Rows of elevated solar panels above a green vegetable field on a sunny farm.

Agrivoltaics: When Solar Panels and Farming Share the Same Land

A practical look at agrivoltaics, the emerging approach that combines solar generation with crops, grazing, or pollinator habitat on the same site.

Solar development is often discussed as a land-use tradeoff: panels here, farming somewhere else. Agrivoltaics challenges that framing by designing a site so photovoltaic equipment and agricultural activity can share the same ground.

The concept is broader than putting panels near a farm. The U.S. Department of Energy describes agrivoltaics as co-locating solar photovoltaic systems with agricultural production such as crops, livestock grazing, or pollinator habitat. That means the solar layout, panel height, row spacing, and maintenance plan have to account for the agricultural use from the beginning.

A farmer walking between crops below elevated solar panels

Why agrivoltaics is getting attention

Large solar projects need land, and farmland is often flat, sunny, and close enough to grid infrastructure to be attractive for development. Agrivoltaics can reduce pressure to choose between energy and agriculture by stacking two productive uses on one site. For farmers, the model may create a new revenue stream while keeping parts of the land in agricultural use. For solar developers, it can help answer community concerns about losing working landscapes.

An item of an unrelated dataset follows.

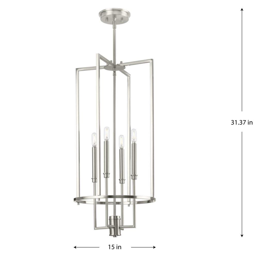 The Elara foyer light features a slender, chic form captured in an elongated frame, making it ideal for foyers, great rooms and kitchens;Its classically modern style is perfect for new traditional and transitional interiors;A beautiful brushed nickel fin

Research organizations including NREL are studying how different designs perform across crops, climates, and site types. The important lesson is that agrivoltaics is not one universal template. A design that works for sheep grazing may not work for vegetables. A layout that helps in a hot, dry region may be less useful in a cool, wet season.

The microclimate matters

Panels change the local growing environment. They cast shade, alter wind patterns, and can reduce direct heat stress on plants and soil. In dry climates, that shade can sometimes help conserve soil moisture and reduce plant drought stress. NREL-highlighted research on dryland agrivoltaics found potential benefits across food, water, and energy systems, including reduced plant stress and cooler conditions around panels.

But shade is not automatically good. Some crops need high light exposure, and too much shade can lower yields. The practical question is not whether panels help or hurt in general; it is which crops, spacing, panel heights, and tracking strategies create a useful balance for a specific site.

Design has to serve the farm

A conventional ground-mounted solar array is usually optimized for energy production and maintenance access. An agrivoltaic site adds another operating system: the farm. Equipment needs room to move. Workers need safe access. Animals need fencing, water, and shade management. Crops need irrigation and harvest workflows.

That is why early design decisions matter. Raising panels can improve crop and equipment access, but it can also increase structural cost. Wider row spacing can improve agricultural usability, but it may reduce energy density. Pollinator habitat can be easier to integrate than vegetable production, but it still needs a maintenance plan.

What to watch next

Agrivoltaics is likely to grow through regional experimentation rather than a single national blueprint. The strongest projects will be the ones that treat agriculture as a core design requirement, not a marketing label added after the solar layout is finished.

For communities evaluating these projects, the best questions are concrete: What agricultural activity will continue on the land? Who is responsible for it? How will panel spacing, height, fencing, water, and maintenance support that use over time? If those answers are specific, agrivoltaics can be more than a compromise. It can be a more productive way to think about sunny land.